**WHAT YOU NEED TO DO**
Exact copies of the lines below are the goal; any images in them are dropped.

[[ SUPPLIED INFORMATION open ]]

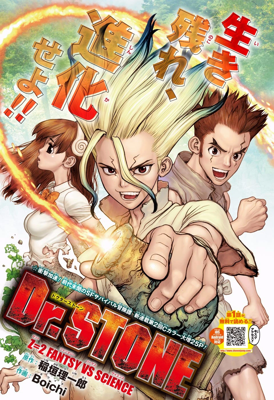 Rozdział FANTASY VS SCIENCE (jp. ファンタシー バーサス サイエンス, Fantashī Bāsasu Saiensu) miał swoją japońską premierę 13 marca 2017 roku i liczy 25 strony. To drugi rozdział pierwszego tomu i mangi Dr. Stone.
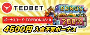 テッドベットでは「TOPBONUS10」のボーナスコードで入金不要ボーナス4500円が貰えるので、お見逃しなく。
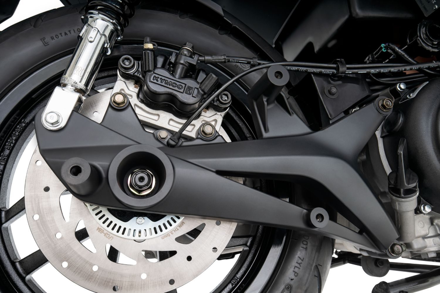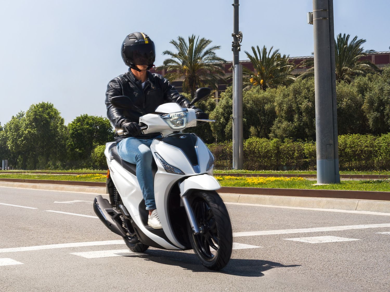 La dotación de serie en la actualizada Kymco People S 125 contempla en seguridad elementos como el sistema antibloqueo de frenos ABS con discos en ambos ejes y pinzas de dos pistones también en ambas ruedas, algo poco habitual. También incluye el sistema de iluminación Full LED para garantizar una excelente visibilidad por las noches.
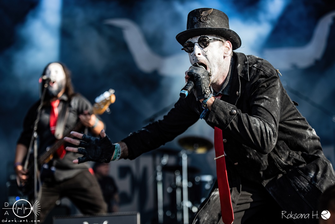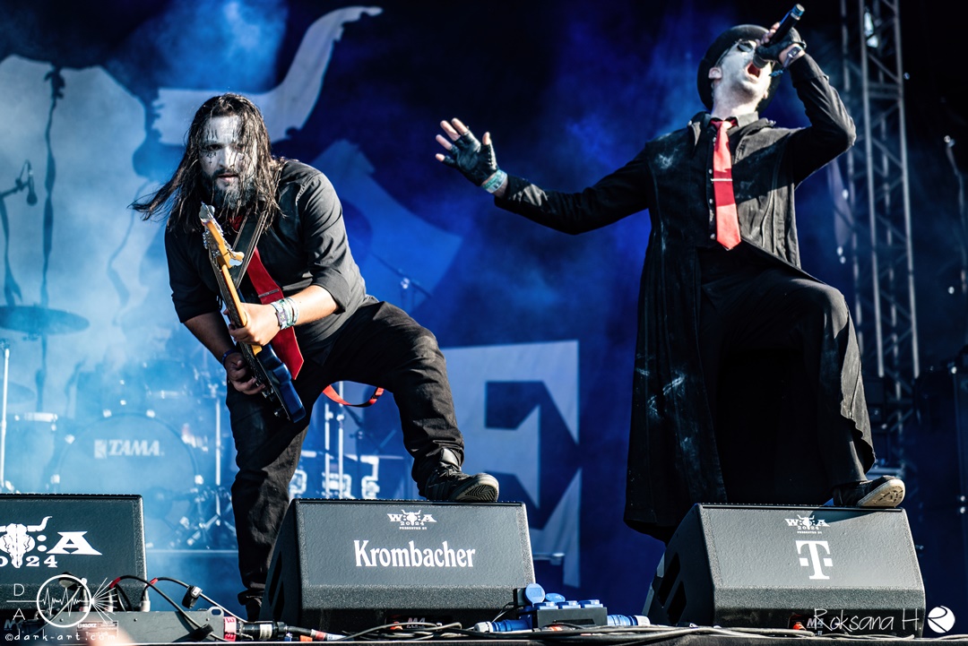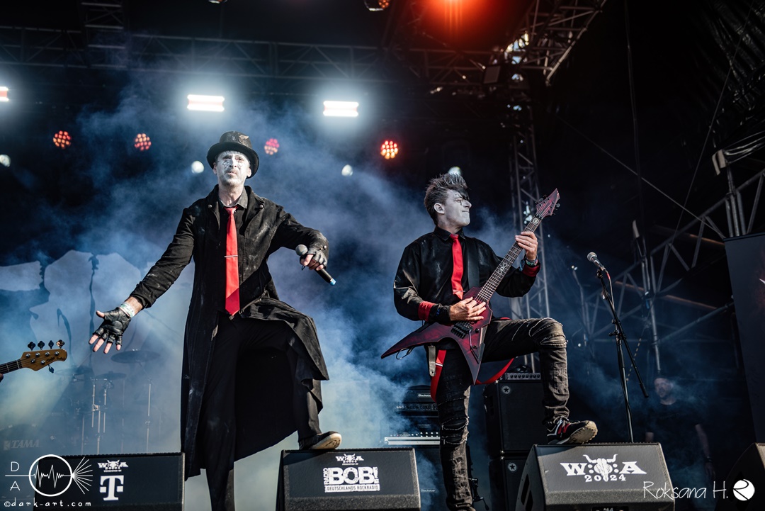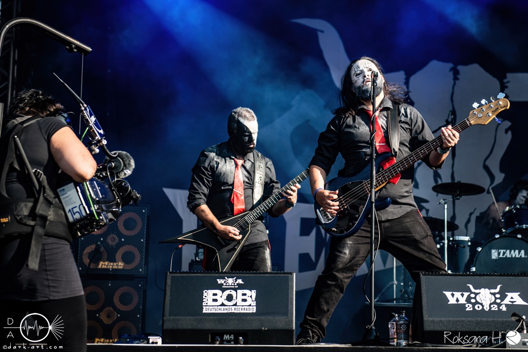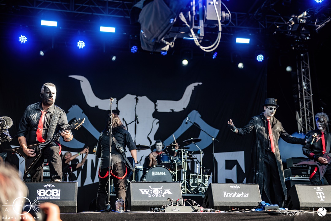 Das sollte sich aber mit dem letzten Wacken Open Air ändern. Wie schon die letzten Jahre habe ich ein größeres Augenmerk auf das Metal Battle gelegt, nicht nur, weil es sein 20-Jähriges feiert, sondern weil ich es immer wieder sehr inspirierend fand. Da meine Kollegen in den Berichten zum Metal Battle jedoch schon einige Band hervorheben konnten, schaute ich nicht schlecht als Carbonic Fields unerwähnt blieben. Um die Band mal für die Leute zu beschreiben, die nicht da waren oder den Stream nicht gesehen haben (Bis zum August 2025 ist der Stream noch auf MagentaMusik zu sehen!) oder gar schon vorher kannten: Eine Gruppe Männer in weiß/schwarz geschminkt, in schicken schwarzen Hemden, schwarzen Jeans und hervorstechenden roten Krawatten, die einmal durch eine Backstube gelaufen sind. Sänger Thomas D’Herbomez trägt dazu einen schwarzen Mantel und Hut. Musikalisch erinnern sie (meiner Meinung nach) an ein uneheliches Kind von Circus of Fools und Russkaja, nur dass ihnen die Folk-Instrumente entwendet wurden. Insgesamt eine kuriose Mischung, die zwar die Intention hat, eine toxische Welt zu spiegeln, doch mich wie ein kleines Kind grinsend und tänzelnd zurücklässt. Auch wenn es laut und derbe ist, zieht der Rhythmus mit und treibt voran. Eins ist sicher, sollte ich sie mal wieder zu Gesicht bekommen können, werde ich es auf jeden Fall nutzen.

[[ SUPPLIED INFORMATION closed ]]

**EXERCISE RESULT**
 Rozdział FANTASY VS SCIENCE (jp. ファンタシー バーサス サイエンス, Fantashī Bāsasu Saiensu) miał swoją japońską premierę 13 marca 2017 roku i liczy 25 strony. To drugi rozdział pierwszego tomu i mangi Dr. Stone.
 テッドベットでは「TOPBONUS10」のボーナスコードで入金不要ボーナス4500円が貰えるので、お見逃しなく。
 La dotación de serie en la actualizada Kymco People S 125 contempla en seguridad elementos como el sistema antibloqueo de frenos ABS con discos en ambos ejes y pinzas de dos pistones también en ambas ruedas, algo poco habitual. También incluye el sistema de iluminación Full LED para garantizar una excelente visibilidad por las noches.
 Das sollte sich aber mit dem letzten Wacken Open Air ändern. Wie schon die letzten Jahre habe ich ein größeres Augenmerk auf das Metal Battle gelegt, nicht nur, weil es sein 20-Jähriges feiert, sondern weil ich es immer wieder sehr inspirierend fand. Da meine Kollegen in den Berichten zum Metal Battle jedoch schon einige Band hervorheben konnten, schaute ich nicht schlecht als Carbonic Fields unerwähnt blieben. Um die Band mal für die Leute zu beschreiben, die nicht da waren oder den Stream nicht gesehen haben (Bis zum August 2025 ist der Stream noch auf MagentaMusik zu sehen!) oder gar schon vorher kannten: Eine Gruppe Männer in weiß/schwarz geschminkt, in schicken schwarzen Hemden, schwarzen Jeans und hervorstechenden roten Krawatten, die einmal durch eine Backstube gelaufen sind. Sänger Thomas D’Herbomez trägt dazu einen schwarzen Mantel und Hut. Musikalisch erinnern sie (meiner Meinung nach) an ein uneheliches Kind von Circus of Fools und Russkaja, nur dass ihnen die Folk-Instrumente entwendet wurden. Insgesamt eine kuriose Mischung, die zwar die Intention hat, eine toxische Welt zu spiegeln, doch mich wie ein kleines Kind grinsend und tänzelnd zurücklässt. Auch wenn es laut und derbe ist, zieht der Rhythmus mit und treibt voran. Eins ist sicher, sollte ich sie mal wieder zu Gesicht bekommen können, werde ich es auf jeden Fall nutzen.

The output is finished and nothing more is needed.